- [WHAT NEEDS TO BE DONE]
Could you restate, exactly and with nothing added, the lines from the start of the data through the line that holds "Pollo asado lentamente", leaving the pictures out?

- [RECORDED DATA]
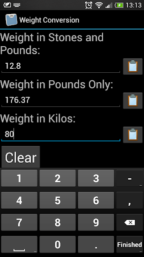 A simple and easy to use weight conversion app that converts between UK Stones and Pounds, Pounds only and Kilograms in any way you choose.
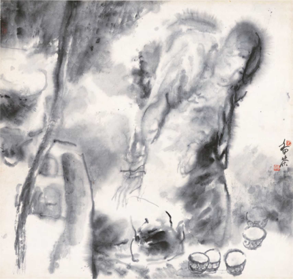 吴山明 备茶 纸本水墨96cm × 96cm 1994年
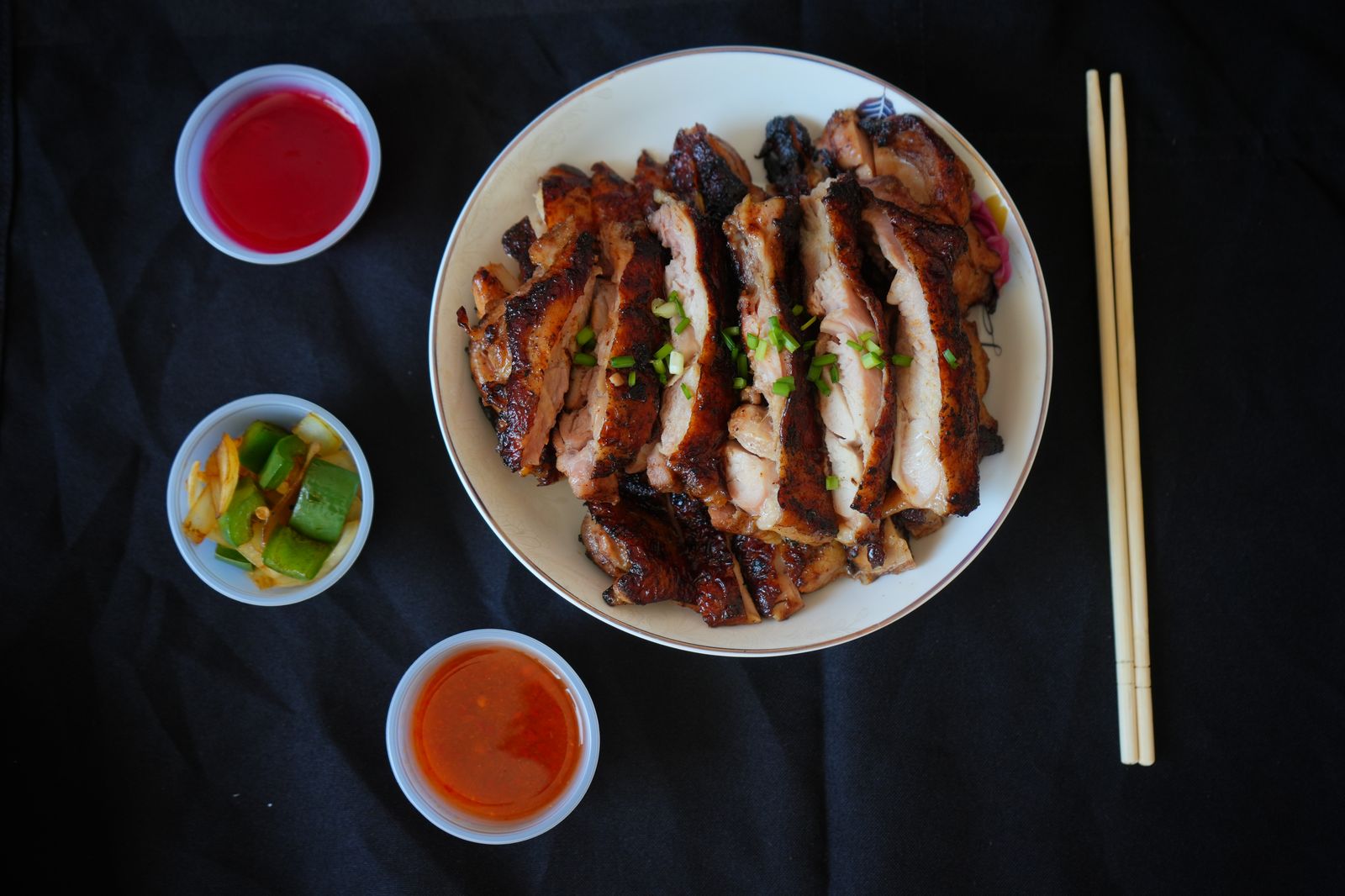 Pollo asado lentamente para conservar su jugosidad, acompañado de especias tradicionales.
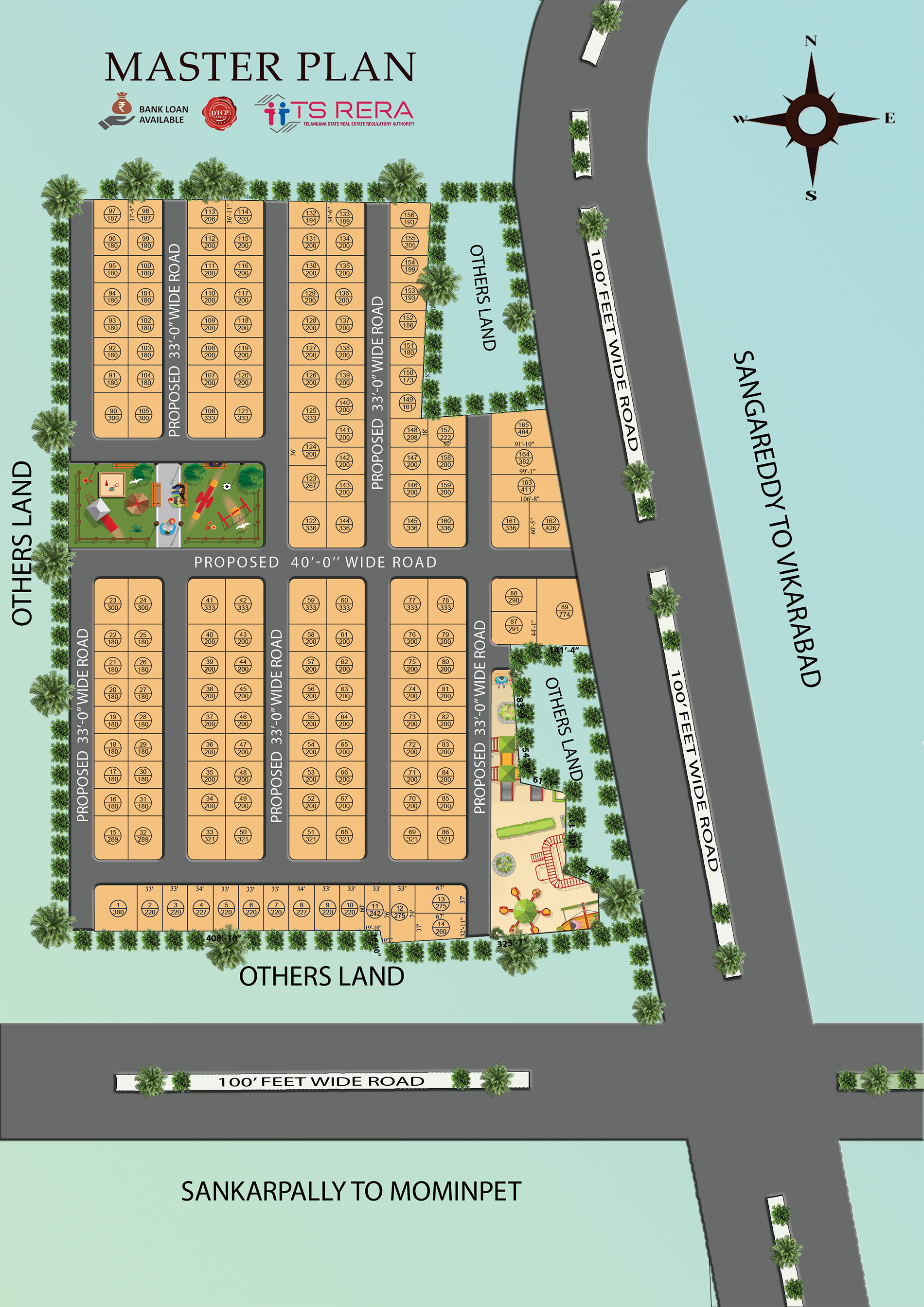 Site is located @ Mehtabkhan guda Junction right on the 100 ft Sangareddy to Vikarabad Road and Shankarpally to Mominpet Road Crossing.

- [TASK OUTPUT]
 A simple and easy to use weight conversion app that converts between UK Stones and Pounds, Pounds only and Kilograms in any way you choose.
 吴山明 备茶 纸本水墨96cm × 96cm 1994年
 Pollo asado lentamente para conservar su jugosidad, acompañado de especias tradicionales.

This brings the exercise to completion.